Records supplied:

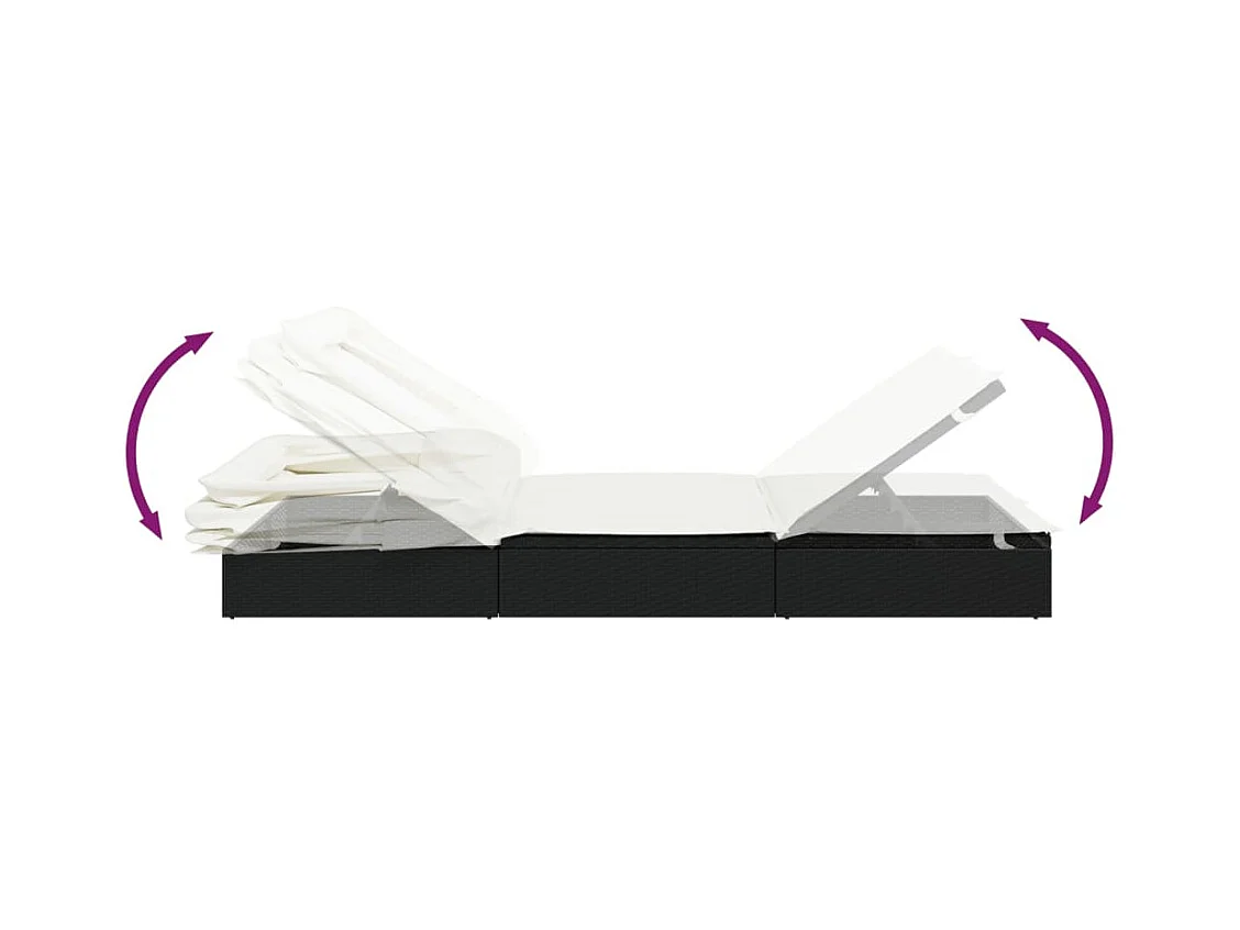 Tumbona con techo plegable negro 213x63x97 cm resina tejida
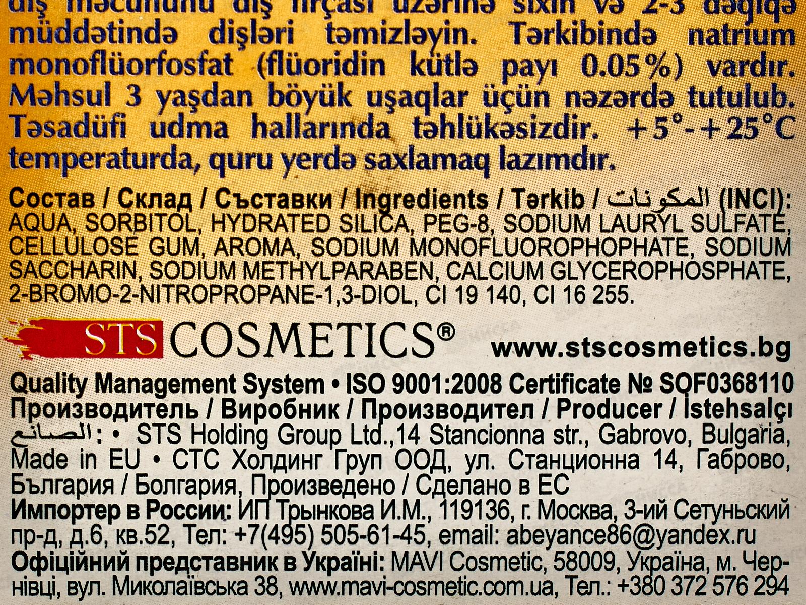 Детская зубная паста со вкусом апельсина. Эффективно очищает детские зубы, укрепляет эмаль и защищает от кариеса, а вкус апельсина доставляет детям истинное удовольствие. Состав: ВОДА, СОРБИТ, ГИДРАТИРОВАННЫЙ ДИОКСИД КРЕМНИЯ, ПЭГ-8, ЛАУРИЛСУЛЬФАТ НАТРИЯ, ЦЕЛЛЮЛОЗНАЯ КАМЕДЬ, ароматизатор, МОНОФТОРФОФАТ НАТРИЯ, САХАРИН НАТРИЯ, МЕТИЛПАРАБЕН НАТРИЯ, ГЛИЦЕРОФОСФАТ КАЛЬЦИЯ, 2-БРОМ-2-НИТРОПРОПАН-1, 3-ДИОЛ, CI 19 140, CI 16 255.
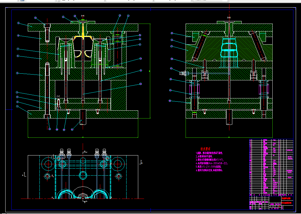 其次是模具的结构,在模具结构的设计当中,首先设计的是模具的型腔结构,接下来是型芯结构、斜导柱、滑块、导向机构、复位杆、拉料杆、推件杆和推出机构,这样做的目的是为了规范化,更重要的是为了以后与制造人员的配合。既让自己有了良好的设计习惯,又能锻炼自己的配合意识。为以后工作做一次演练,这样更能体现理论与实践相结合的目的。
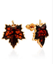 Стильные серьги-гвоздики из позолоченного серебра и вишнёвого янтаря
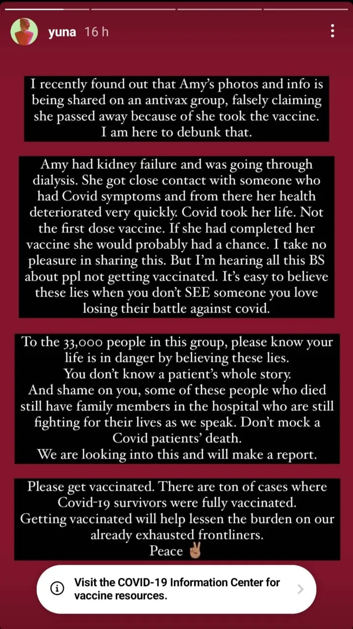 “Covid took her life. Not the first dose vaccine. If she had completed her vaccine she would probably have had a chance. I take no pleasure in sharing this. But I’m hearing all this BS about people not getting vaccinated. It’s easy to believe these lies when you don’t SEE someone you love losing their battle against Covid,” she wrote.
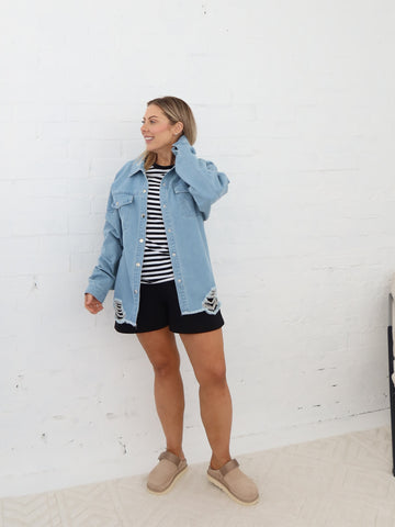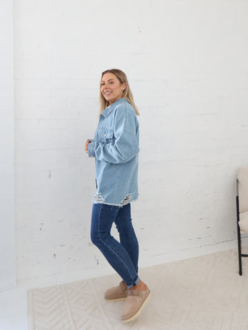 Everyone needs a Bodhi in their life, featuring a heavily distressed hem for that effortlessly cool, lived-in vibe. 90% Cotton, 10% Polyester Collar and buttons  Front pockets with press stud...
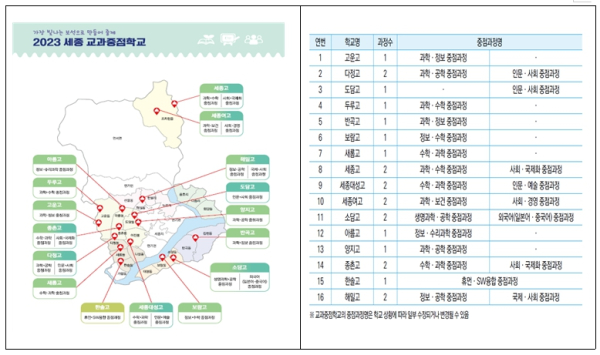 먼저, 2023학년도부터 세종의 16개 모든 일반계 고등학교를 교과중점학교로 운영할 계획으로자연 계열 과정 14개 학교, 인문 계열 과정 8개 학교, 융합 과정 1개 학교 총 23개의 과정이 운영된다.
==
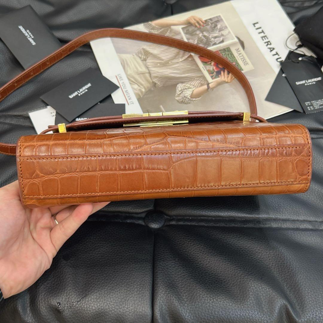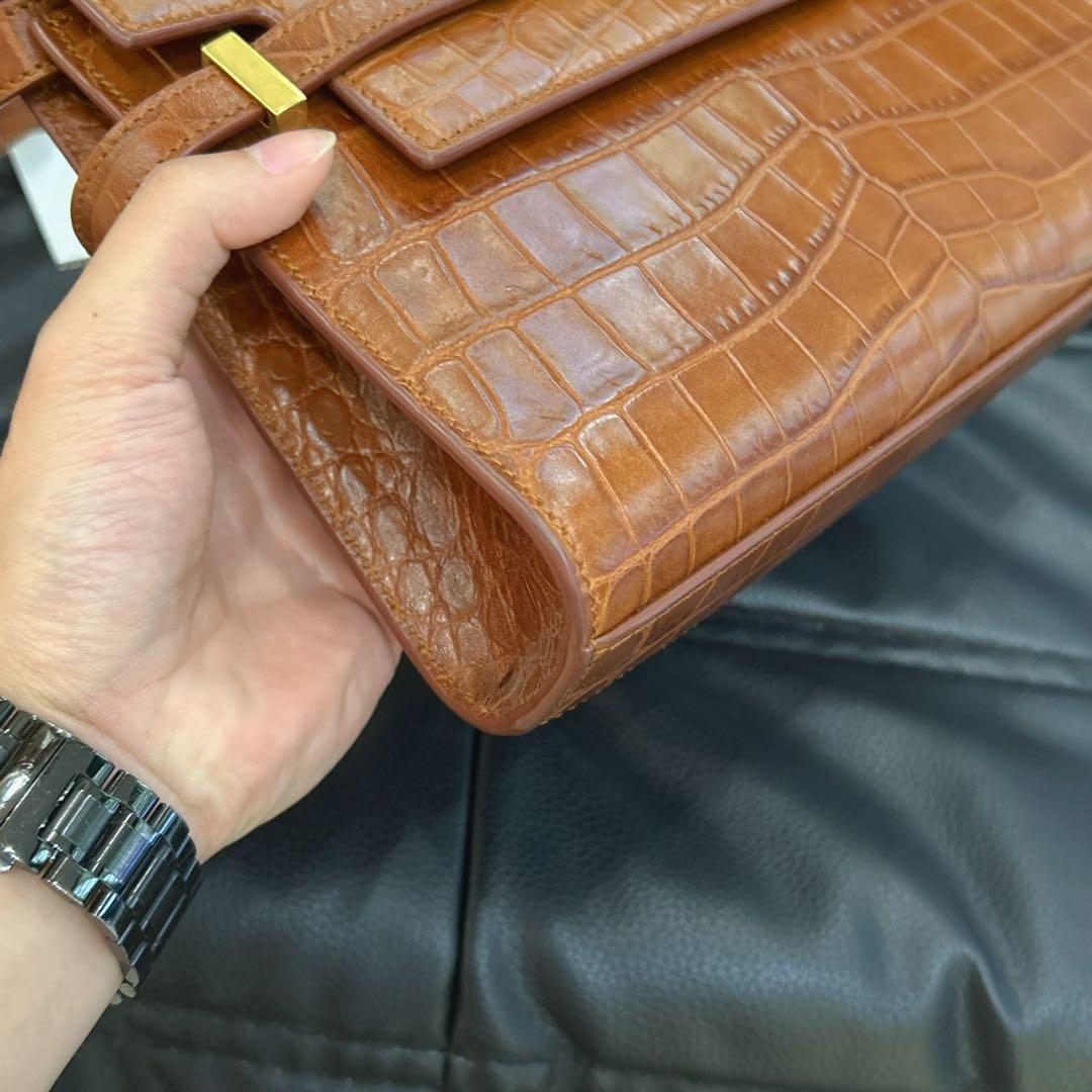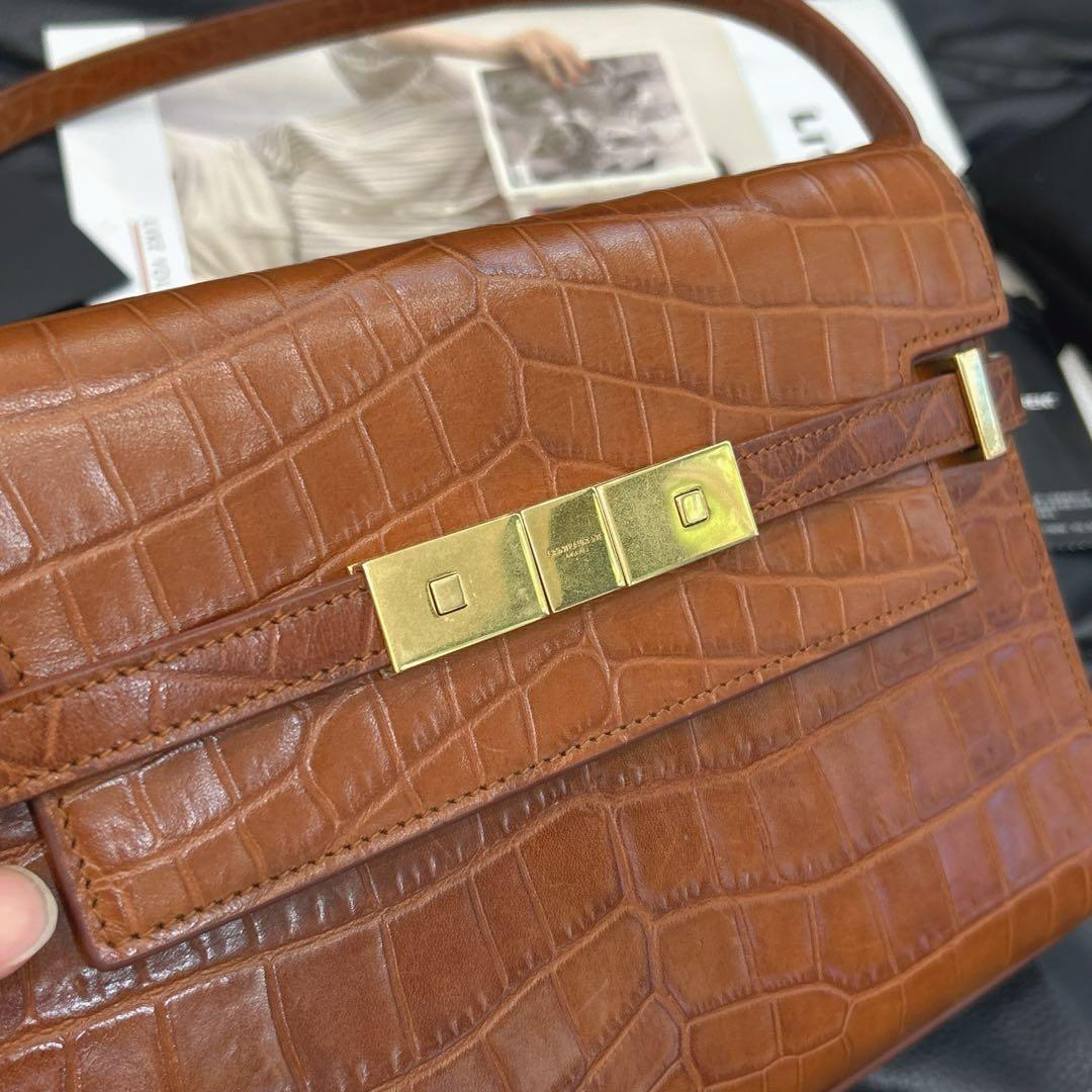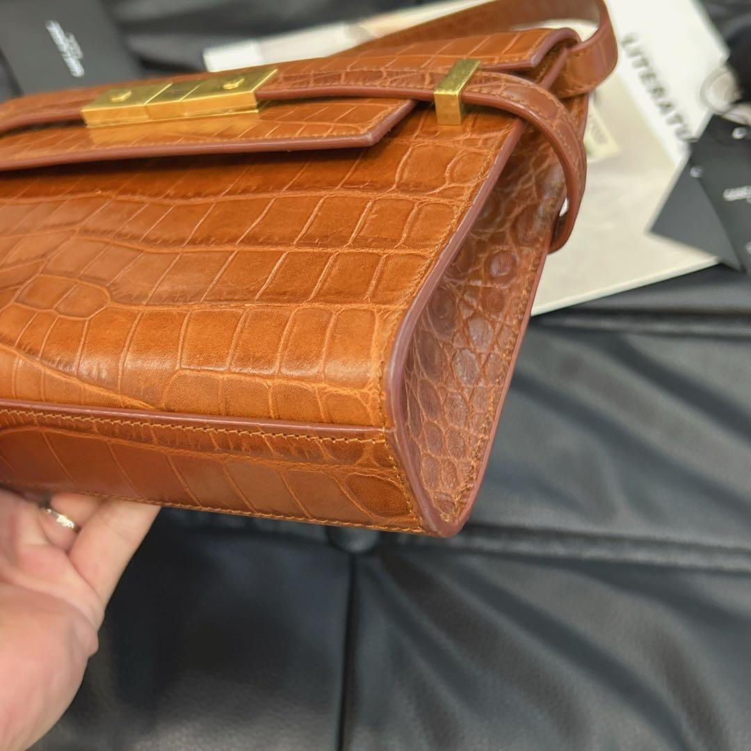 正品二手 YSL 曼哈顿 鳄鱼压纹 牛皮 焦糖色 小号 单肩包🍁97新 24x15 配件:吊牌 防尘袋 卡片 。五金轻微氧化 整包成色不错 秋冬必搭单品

Task description: If a picture sits between the line containing "Стильные серьги-гвоздики из" and the line containing "Everyone needs a", leave it out, and return the lines of that range above exactly, both ends included.

Result of this exercise:
 Стильные серьги-гвоздики из позолоченного серебра и вишнёвого янтаря
 “Covid took her life. Not the first dose vaccine. If she had completed her vaccine she would probably have had a chance. I take no pleasure in sharing this. But I’m hearing all this BS about people not getting vaccinated. It’s easy to believe these lies when you don’t SEE someone you love losing their battle against Covid,” she wrote.
 Everyone needs a Bodhi in their life, featuring a heavily distressed hem for that effortlessly cool, lived-in vibe. 90% Cotton, 10% Polyester Collar and buttons  Front pockets with press stud...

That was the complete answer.